Circulação da gripe e do vírus sincicial respiratório cresce nas Américas e acende alerta

Organização Pan-Americana da Saúde reforça vigilância integrada da gripe, do VSR e da Covid-19 diante de início precoce da temporada respiratória no Hemisfério Norte
Por Paloma de Sá | GNEWSUSA

O aumento simultâneo da circulação da gripe sazonal e do vírus sincicial respiratório (VSR) nas Américas levou a Organização Pan-Americana da Saúde (Opas) a emitir um novo alerta epidemiológico e a recomendar o reforço imediato da vigilância e da preparação dos sistemas de saúde. Segundo a entidade, o início precoce da temporada de vírus respiratórios no Hemisfério Norte pode pressionar hospitais e serviços de saúde nos próximos meses.

O alerta, divulgado nesta terça-feira (14), atualizou um aviso anterior publicado em 4 de dezembro de 2025, que já apontava a possibilidade de uma temporada respiratória mais intensa ou antecipada em relação aos padrões históricos. A Opas, braço regional da Organização Mundial da Saúde (OMS), destacou que a circulação simultânea de múltiplos vírus respiratórios representa um desafio adicional para a capacidade assistencial dos países.

De acordo com os dados mais recentes, a atividade global da gripe vem aumentando de forma constante desde outubro de 2025, com predominância do vírus influenza A (H3N2). Sinais precoces de atividade sazonal foram identificados em diversos países do Hemisfério Norte, ao mesmo tempo em que o VSR passou a apresentar uma tendência gradual de crescimento.

Nas Américas, a situação preocupa especialmente no Hemisfério Norte do continente. A taxa de positividade para gripe permanece acima de 10%, com aumentos sustentados na América do Norte e na América Central. No Caribe, os índices aproximam-se de 20%, também com predominância do vírus A (H3N2).

Embora, até o momento, a gravidade geral da temporada seja considerada semelhante à de anos anteriores, sem registro de excesso de mortalidade, alguns países relataram níveis de atividade superiores aos observados em temporadas recentes. Esse cenário reforça o risco de sobrecarga dos serviços de saúde, sobretudo durante o restante do inverno no Hemisfério Norte.

A Opas alertou que o início rápido e precoce da circulação da gripe já resultou em aumento expressivo de hospitalizações e atendimentos ambulatoriais em determinadas regiões.

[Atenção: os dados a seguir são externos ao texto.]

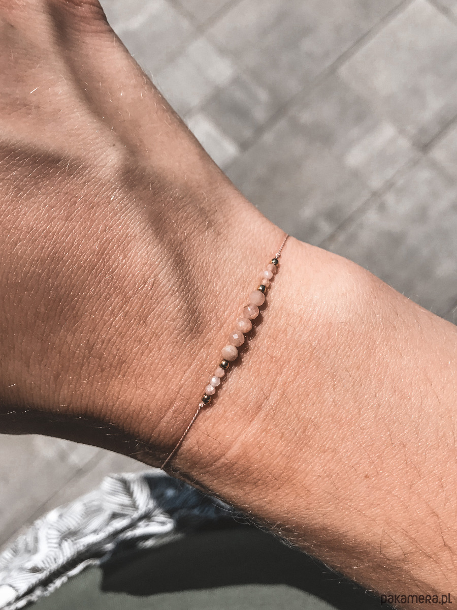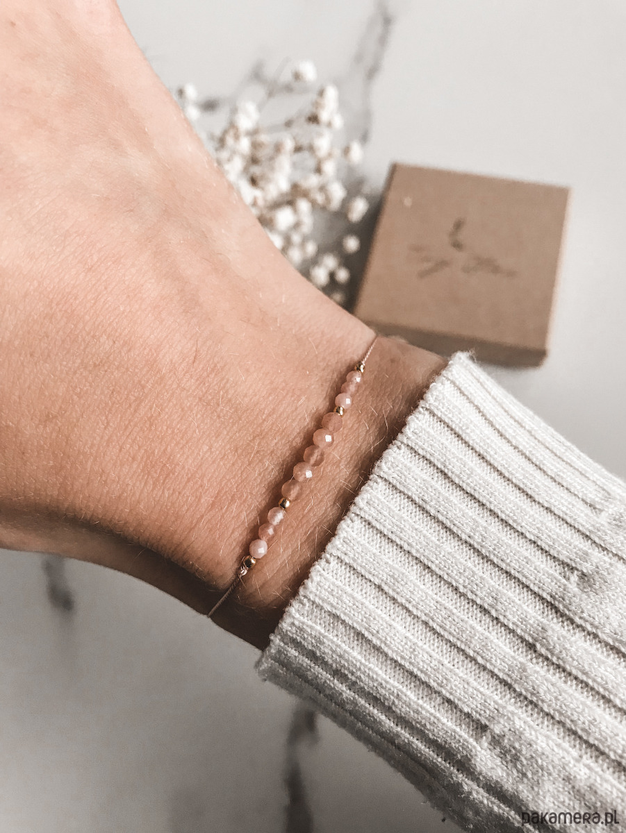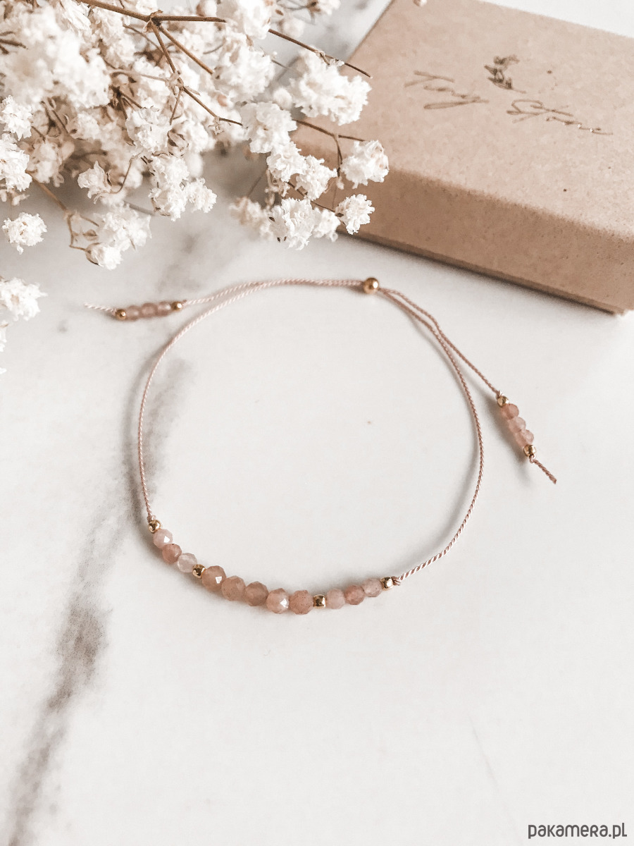 Bransoletka wykonana na jedwabnej nici z kamienia słonecznego oraz srebrnych koralików próby 925 pozłacanych 24K złotem. Piękny brzoskwiniowo- beżowy kolor kamienia słonecznego to propozycja delikatnej i subtelnej biżuterii.
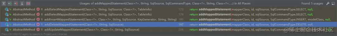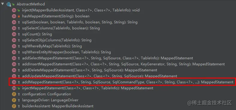基于上面的分析,想要知道SQL语句什么时候拿到的,就是要找到mappedStatement被添加的位置。追踪到AbstractMethod的抽象方法中。
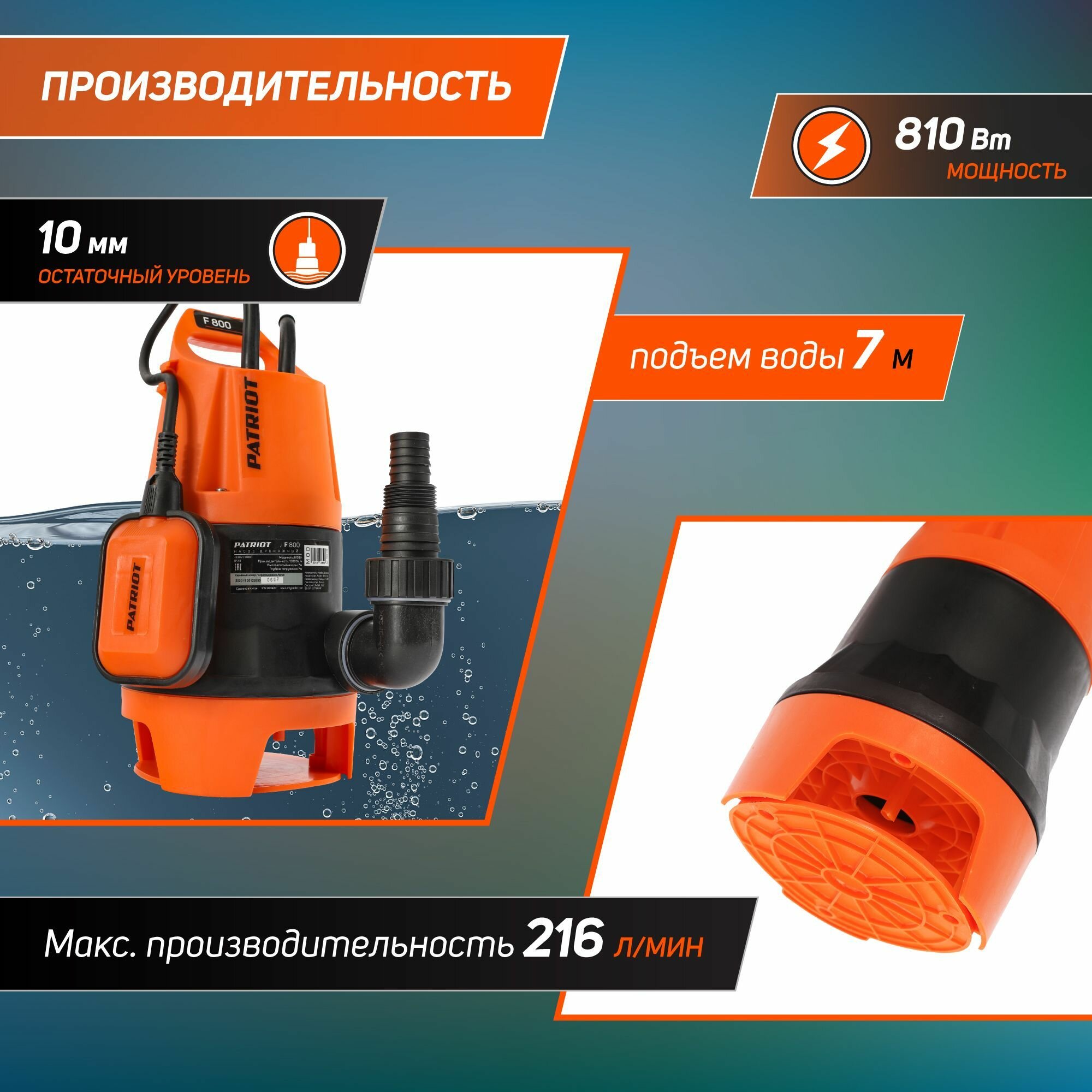 Насос дренажный PATRIOT 315302467 F 800 13000 л/мин, 810 Вт, оранжевый/черный информация:
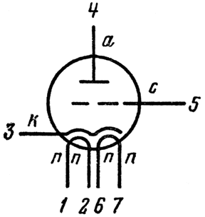 а — анод, с — сетка, к — катод, п — подогреватель катода.
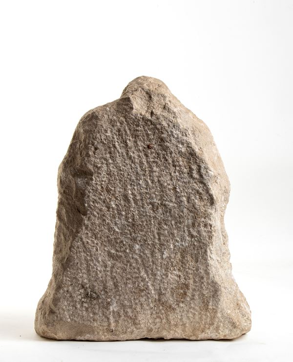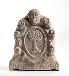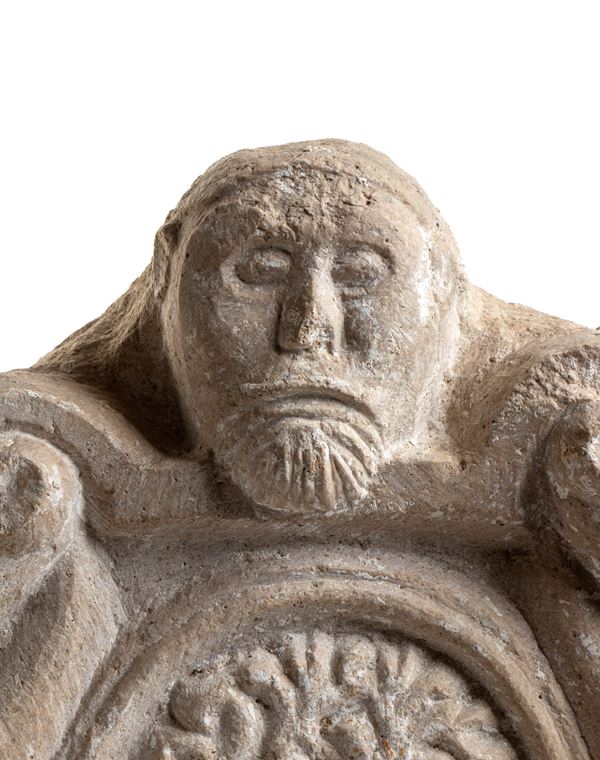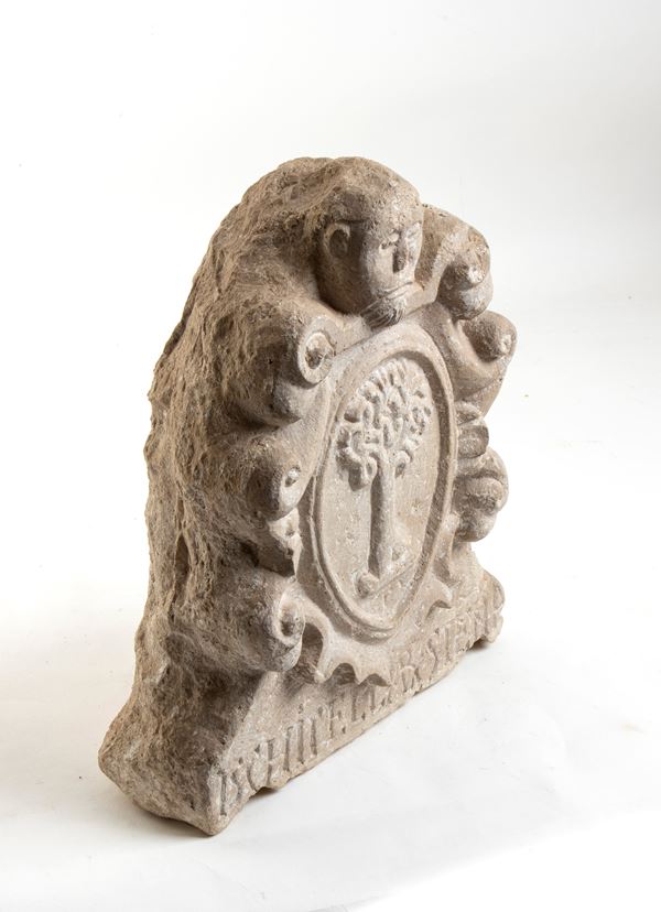 scultura in pietra raffigurante lo stemma di Ischitella. Nella parte alta c'è il volto di uomo barbuto, al centro uno scudo ovale con all'interno un leccio (aesculus), il tutto raccordato da un bordo a forma di nuvole.
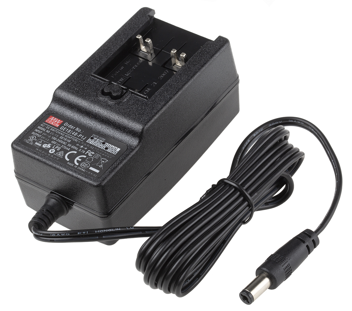 11. Adapter AC/DC Uwy 48V dc Iwy 375mA Złącze 2,1 x 5,5 x 11 mm, biegun dodatni w środku 18W, typ wtyczki: Wtyk 134.94
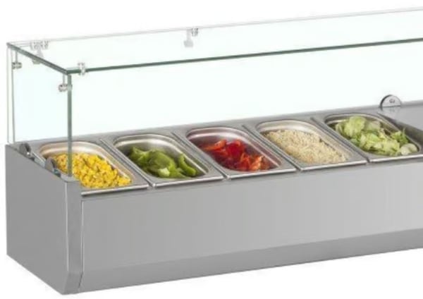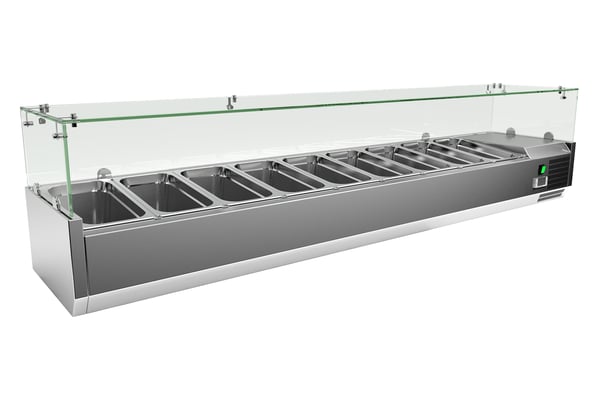 Настільна холодильна вітрина для топінгу використовується для попереднього охолодження, демонстрації та короткочасного зберігання заготовок, салатів, закусок, гарнірів у ресторанах, магазинах, барах, суші-барах. Найбільш широко застосовуються в піцеріях для зберігання топінгу – начинки для піци. Зазвичай вони відокремлюють прилавкову зону від самого залу або розташовуються вздовж лінії самообслуговування. Обладнання виготовлене з високоякісних сертифікованих матеріалів.

A entidade avalia que a coexistência da gripe com o VSR — vírus especialmente perigoso para bebês, idosos e pessoas com comorbidades — pode intensificar a pressão sobre hospitais e clínicas.

Vacinação como eixo central da resposta
Para o assessor regional da Opas em epidemiologia de doenças epidêmicas e pandêmicas, Marc Rondy, a circulação simultânea da gripe e do VSR exige respostas coordenadas e prioridade absoluta à vacinação. Segundo ele, as vacinas atualmente disponíveis contra a gripe demonstram eficácia na prevenção de formas graves da doença e na redução de hospitalizações.

A Opas recomendou que os países ampliem a cobertura vacinal, com foco nos grupos mais vulneráveis, como idosos, crianças pequenas, gestantes, profissionais de saúde e pessoas com doenças crônicas. A agência ressaltou que a vacinação continua sendo uma das ferramentas mais eficazes para mitigar os impactos da temporada respiratória.

Além disso, a organização orientou o reforço da vigilância integrada da gripe, do VSR, da Covid-19 e de outros vírus respiratórios, de forma a permitir resposta rápida a mudanças no padrão de circulação. Também foi recomendada a revisão e atualização dos planos de contingência dos serviços de saúde, incluindo capacidade hospitalar, estoques de insumos e organização das redes de atendimento.

Medidas simples seguem eficazes
A Opas também reforçou que medidas individuais de prevenção continuam sendo fundamentais para reduzir a transmissão dos vírus respiratórios. Entre as recomendações estão a higienização frequente das mãos, o uso de lenços ou do antebraço ao tossir ou espirrar, a utilização de máscara em ambientes fechados quando houver sintomas respiratórios e o isolamento domiciliar em casos de febre ou sinais de infecção.

Segundo a entidade, a combinação entre vacinação, vigilância epidemiológica ativa e medidas básicas de prevenção pode reduzir significativamente o impacto da circulação simultânea de vírus respiratórios e evitar o colapso dos sistemas de saúde durante os períodos de maior demanda.